┌──
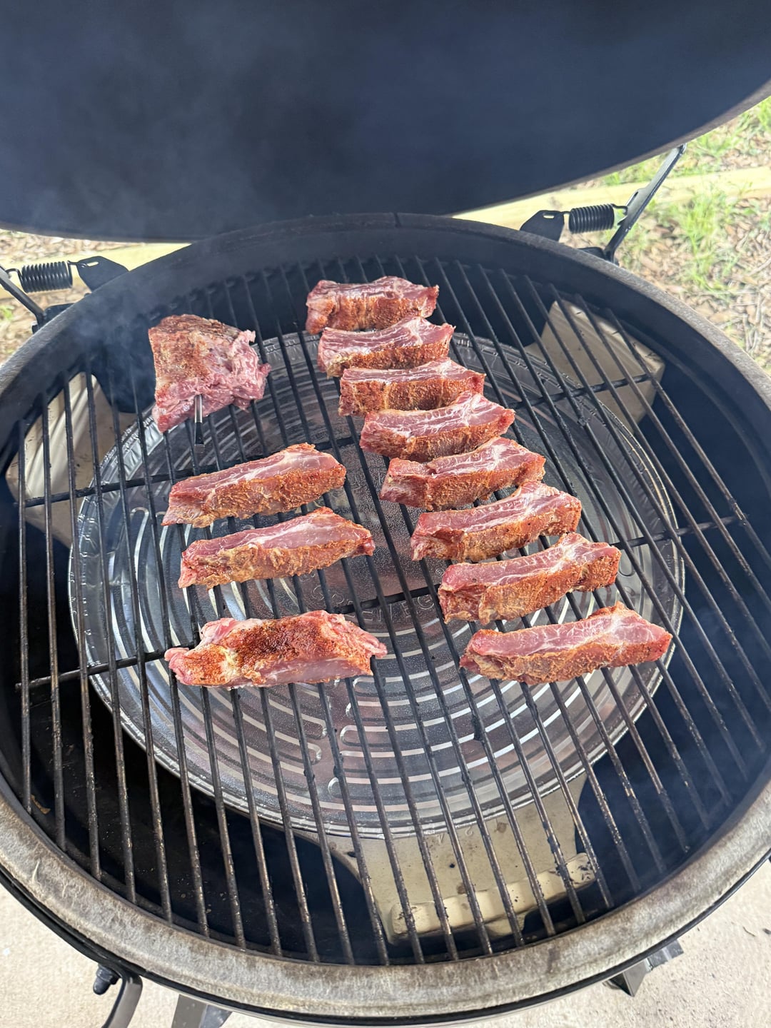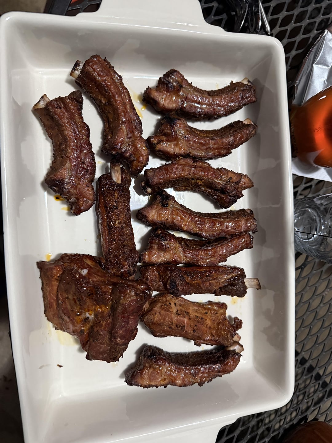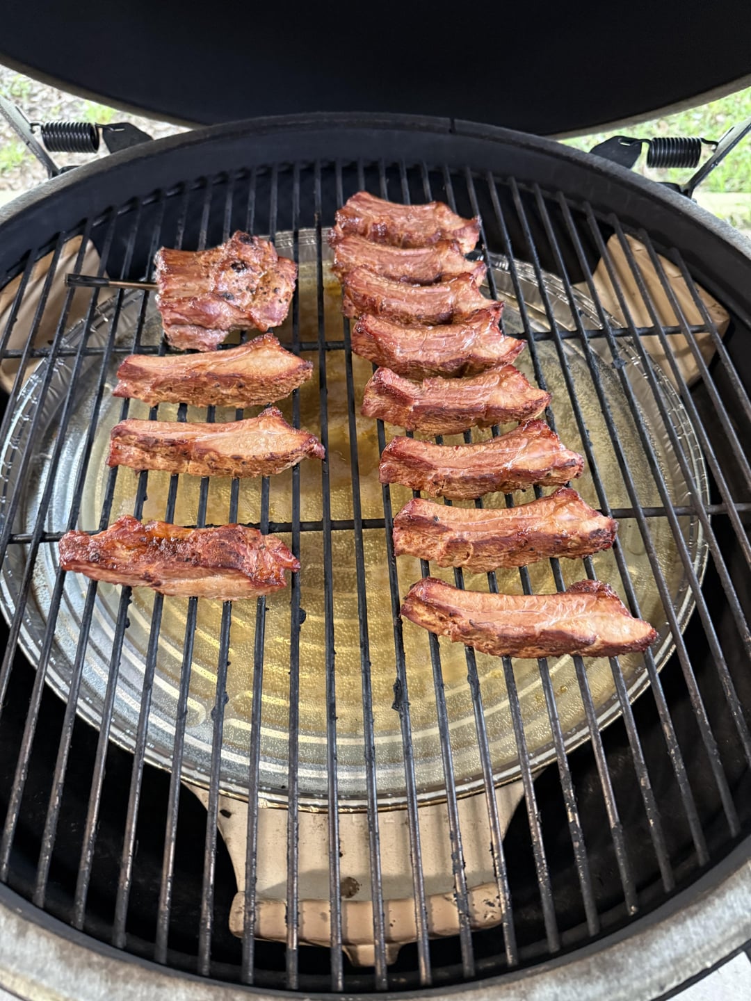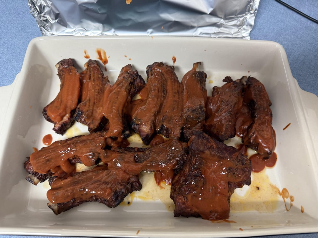 First time doing ribs. Did party ribs for the wife and me and I was extremely happy with how the turned out. Smoked at 275 for about 3 hours, then put my homemade bbq sauce and some local honey and let them braze under some tin foil on the grill for another 20 minutes. Shout out pistol Pete’s (local seasoning)
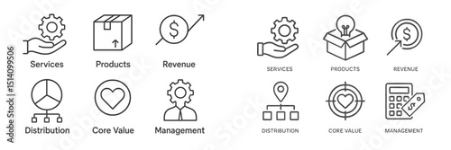 Various business icons representing services, products, revenue, distribution, core values, and management concepts for a professional setting
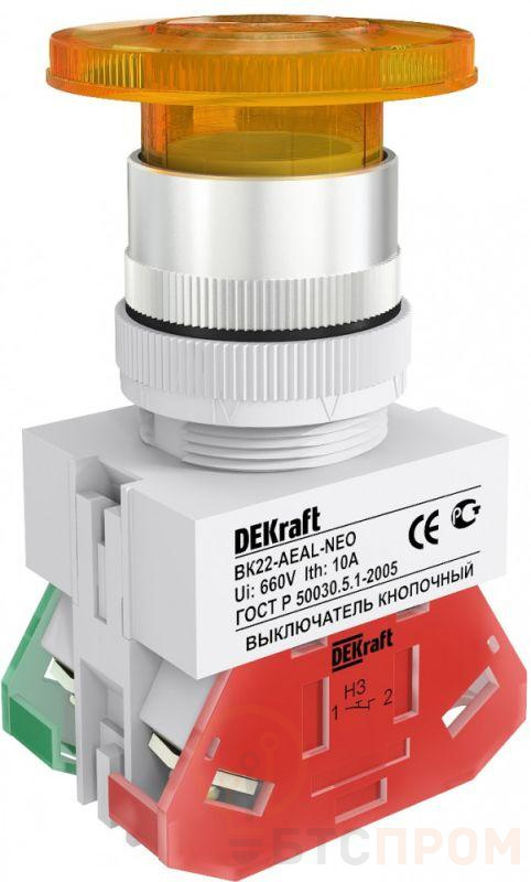 Выключатель кнопочный серии ВК-22 Dekraft; грибовидный толкатель; желтый; с неоновой лампой; ном.ток 10 А; установка - на панели или двери; степень защиты - IP54; подключение - винтовыми зажимами. Выключатели кнопочные ВК-22 предназначены для коммутации электрических цепей и индикации состояния электрических цепей. Применяются в сетях переменного тока частотой 50/60 Гц с напряжением до 660В. Могут устанавливаться на подвижных и неподвижных частях стационарных установок.
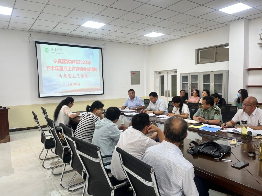 9月14日下午,马克思主义学院在会议室集中学习学校2023年下半年重点工作突破会议精神,院党委书记李效民领学,全体教师参加了集中学习。
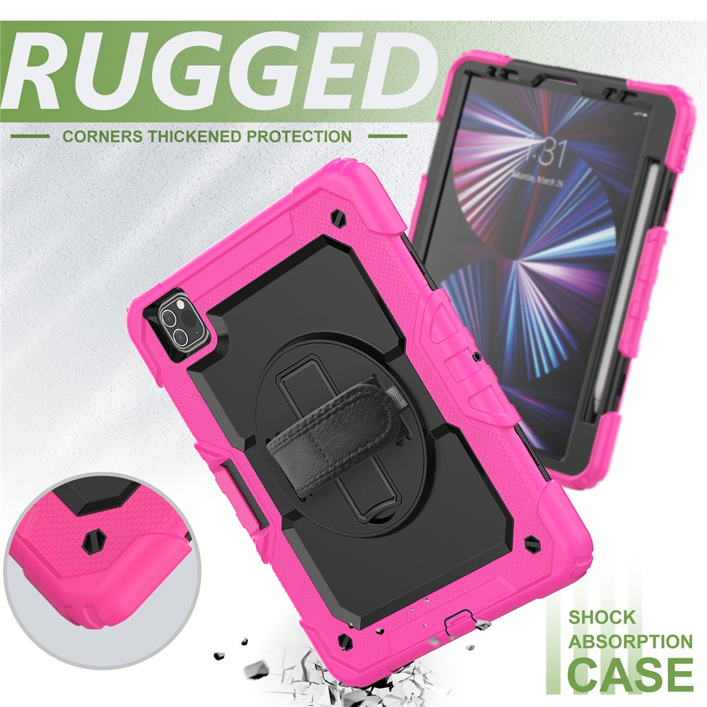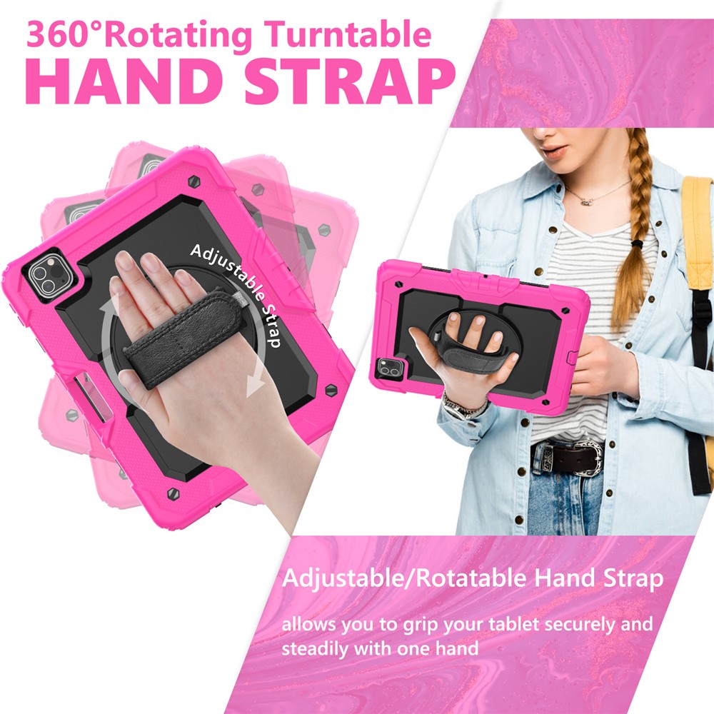 Rugged Heavy Duty PC + Silicone Shockproof 360° Rotating Kickstand Cover with Handle Hand Grip and Shoulder Strap for iPad Pro 11-inch (2021) / (2022) - Rose / Black $38.01
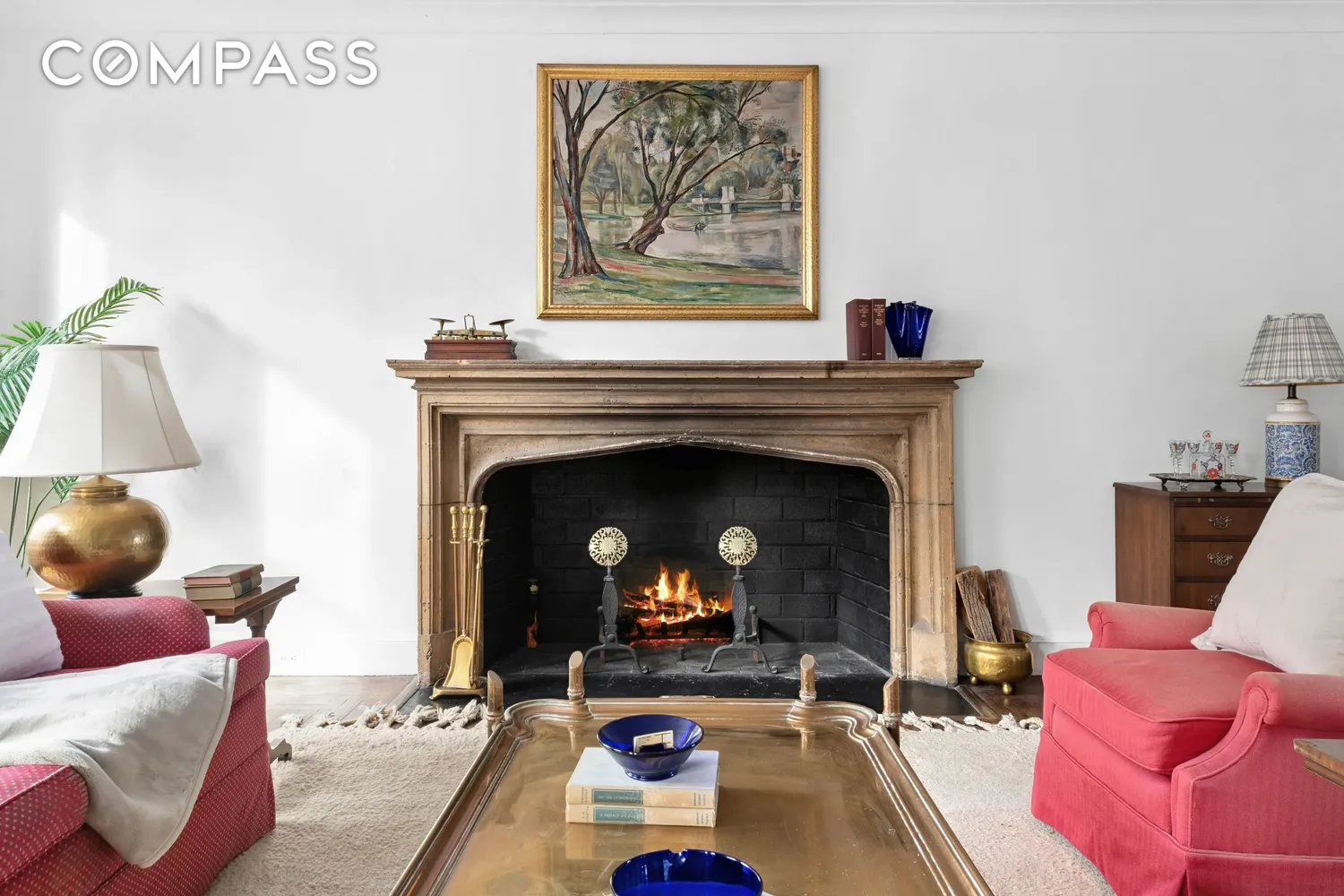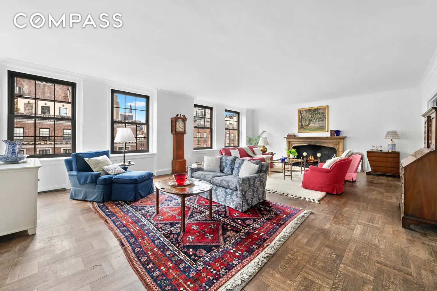 Enter from a semi-private elevator landing shared with only one other residence into a grand entry foyer, setting the tone for this timeless home. The double-width living room, bathed in southern light from the 15th floor, is anchored by a rare double-wide, wood-burning fireplace—the only one of its kind in the building—and showcases charming open city views.
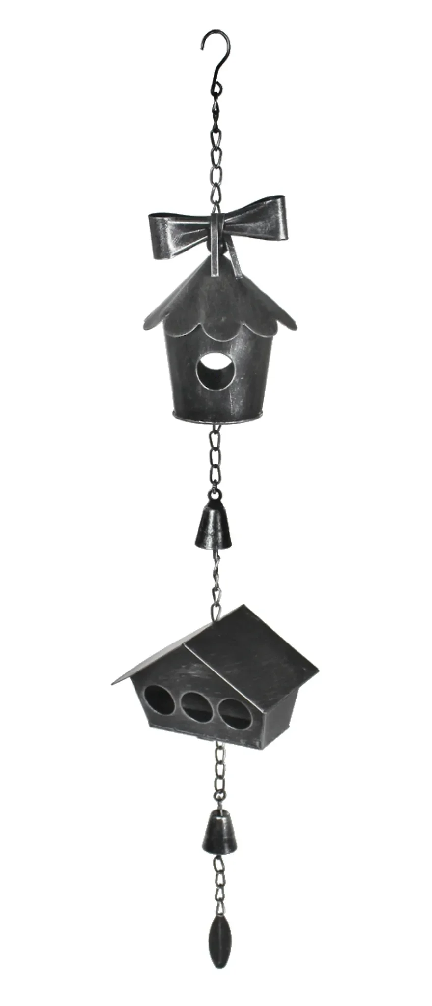Dekorativer Hänger in Form eines Vogelhauses aus Metall. Perfekt zum Aufhängen an Wand, Balkon oder Garten. Stil im Used-/Shabby-Look in den Farben Schwarz/Silber. Vielseitig einsetzbar drinnen und draußen.
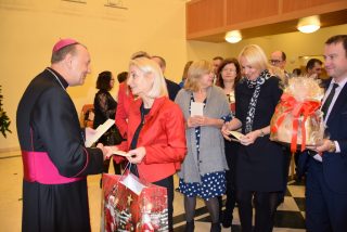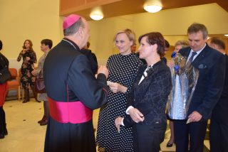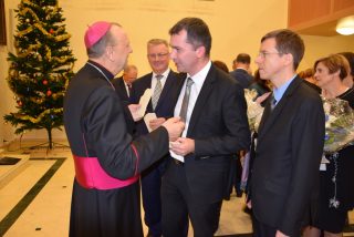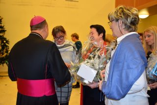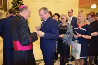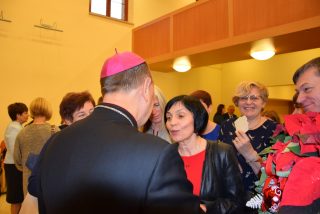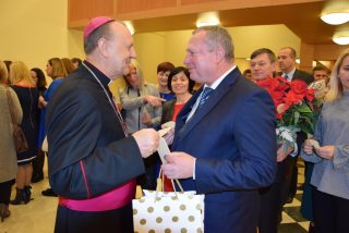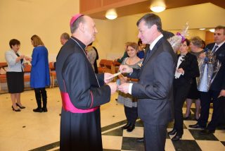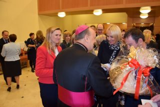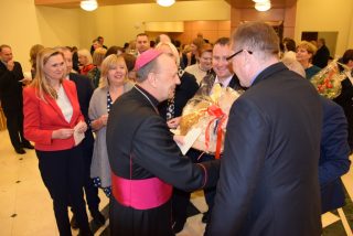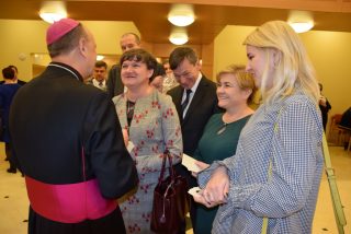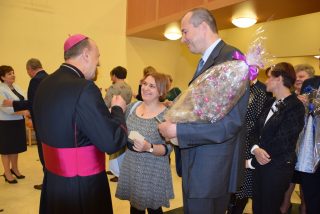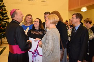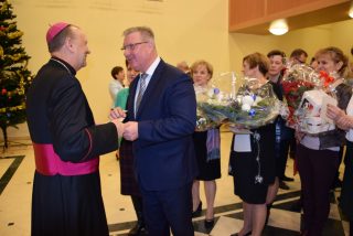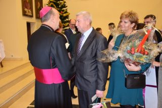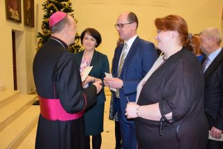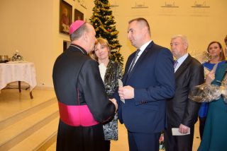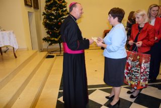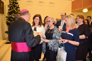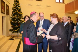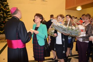 W imieniu zebranych na ręce Pasterza diecezji życzenia złożyli przedstawiciele Zespołu Szkolno-Przedszkolnego w Narwi na czele z dyrektorami placówki i ks. prał. Zbigniewem Niemyjskim, dziekanem hajnowskim. Swoją obecnością zaszczyciła także Beata Pietruszka, Podlaski Kurator Oświaty, która wyraziła radość ze wspólnego spotkania oraz łamania się opłatkiem. Podziękowała także za dotychczasową bardzo dobrą współpracę na linii diecezja drohiczyńska-kuratorium. – Spotkałam się tu z dużą życzliwością, co sprawia, że bardzo chętnie przyjeżdżam do Drohiczyna – zaznaczyła kurator. Podziękowała także za stworzoną możliwość spotkania się z dyrektorami szkół i placówek oświatowych na terenie diecezji drohiczyńskiej. Z okazji nadchodzących świat życzyła zgromadzonym radości z narodzin Bożego Dzieciątka. – Niech te święta spędzone w rodzinnym gronie  będą pełne zdrowia, szczęścia i wszelkiej pomyślności, a nadchodzący Nowy Rok przyniesie dużo spokoju i dobra – powiedziała Podlaski Kurator Oświaty.
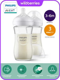 Бутылочка стекло Natural Response SCY933 02, 240мл, 2 шт
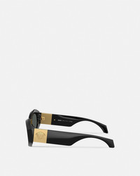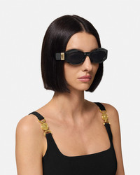 DETAILS Featuring an oval shape with structured, irregular lines, these sunglasses with injected frames are accented by a Medusa hardware at the sides. - Medusa hardware - Frame color: Black - Temple color: Black - Lens color: Dark gray - Frame: Injected - Temple: Injected Item: O4466U-OGB18754_RTU_TU_ONUL__ SIZE & FIT - Eye size: 2.1" - Bridge: 0.7" - Temple: 5.5"
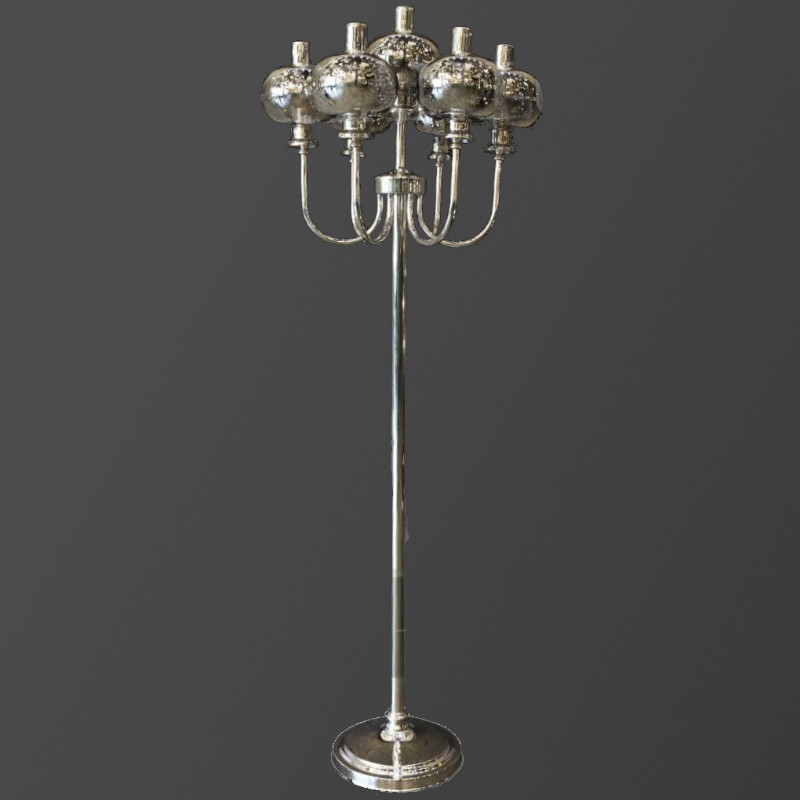 این آباژور بلند و پرنور از محصولات باکیفیت پرشین لوکس برای زیبایی و نورپردازی خانه شما میباشد. داشتن 160 سانتی متر ارتفاع، 7 سرپیچ لامپ و حبابهای باکیفیت از ویژگیهای این آباژور هستند. حبابهای این لوستر شکل بسیار جذابی دارد و از نوع وارداتی است. بدنه این محصول تمام نقرهای وزن آن 635 کیلوگرم است.
└──
Exclude the pictures and give back the rest of the data above exactly as written.

• Solution for this exercise:
 First time doing ribs. Did party ribs for the wife and me and I was extremely happy with how the turned out. Smoked at 275 for about 3 hours, then put my homemade bbq sauce and some local honey and let them braze under some tin foil on the grill for another 20 minutes. Shout out pistol Pete’s (local seasoning)
 Various business icons representing services, products, revenue, distribution, core values, and management concepts for a professional setting
 Выключатель кнопочный серии ВК-22 Dekraft; грибовидный толкатель; желтый; с неоновой лампой; ном.ток 10 А; установка - на панели или двери; степень защиты - IP54; подключение - винтовыми зажимами. Выключатели кнопочные ВК-22 предназначены для коммутации электрических цепей и индикации состояния электрических цепей. Применяются в сетях переменного тока частотой 50/60 Гц с напряжением до 660В. Могут устанавливаться на подвижных и неподвижных частях стационарных установок.
 9月14日下午,马克思主义学院在会议室集中学习学校2023年下半年重点工作突破会议精神,院党委书记李效民领学,全体教师参加了集中学习。
 Rugged Heavy Duty PC + Silicone Shockproof 360° Rotating Kickstand Cover with Handle Hand Grip and Shoulder Strap for iPad Pro 11-inch (2021) / (2022) - Rose / Black $38.01
 Enter from a semi-private elevator landing shared with only one other residence into a grand entry foyer, setting the tone for this timeless home. The double-width living room, bathed in southern light from the 15th floor, is anchored by a rare double-wide, wood-burning fireplace—the only one of its kind in the building—and showcases charming open city views.
Dekorativer Hänger in Form eines Vogelhauses aus Metall. Perfekt zum Aufhängen an Wand, Balkon oder Garten. Stil im Used-/Shabby-Look in den Farben Schwarz/Silber. Vielseitig einsetzbar drinnen und draußen.
 W imieniu zebranych na ręce Pasterza diecezji życzenia złożyli przedstawiciele Zespołu Szkolno-Przedszkolnego w Narwi na czele z dyrektorami placówki i ks. prał. Zbigniewem Niemyjskim, dziekanem hajnowskim. Swoją obecnością zaszczyciła także Beata Pietruszka, Podlaski Kurator Oświaty, która wyraziła radość ze wspólnego spotkania oraz łamania się opłatkiem. Podziękowała także za dotychczasową bardzo dobrą współpracę na linii diecezja drohiczyńska-kuratorium. – Spotkałam się tu z dużą życzliwością, co sprawia, że bardzo chętnie przyjeżdżam do Drohiczyna – zaznaczyła kurator. Podziękowała także za stworzoną możliwość spotkania się z dyrektorami szkół i placówek oświatowych na terenie diecezji drohiczyńskiej. Z okazji nadchodzących świat życzyła zgromadzonym radości z narodzin Bożego Dzieciątka. – Niech te święta spędzone w rodzinnym gronie  będą pełne zdrowia, szczęścia i wszelkiej pomyślności, a nadchodzący Nowy Rok przyniesie dużo spokoju i dobra – powiedziała Podlaski Kurator Oświaty.
 Бутылочка стекло Natural Response SCY933 02, 240мл, 2 шт
 DETAILS Featuring an oval shape with structured, irregular lines, these sunglasses with injected frames are accented by a Medusa hardware at the sides. - Medusa hardware - Frame color: Black - Temple color: Black - Lens color: Dark gray - Frame: Injected - Temple: Injected Item: O4466U-OGB18754_RTU_TU_ONUL__ SIZE & FIT - Eye size: 2.1" - Bridge: 0.7" - Temple: 5.5"
 این آباژور بلند و پرنور از محصولات باکیفیت پرشین لوکس برای زیبایی و نورپردازی خانه شما میباشد. داشتن 160 سانتی متر ارتفاع، 7 سرپیچ لامپ و حبابهای باکیفیت از ویژگیهای این آباژور هستند. حبابهای این لوستر شکل بسیار جذابی دارد و از نوع وارداتی است. بدنه این محصول تمام نقرهای وزن آن 635 کیلوگرم است.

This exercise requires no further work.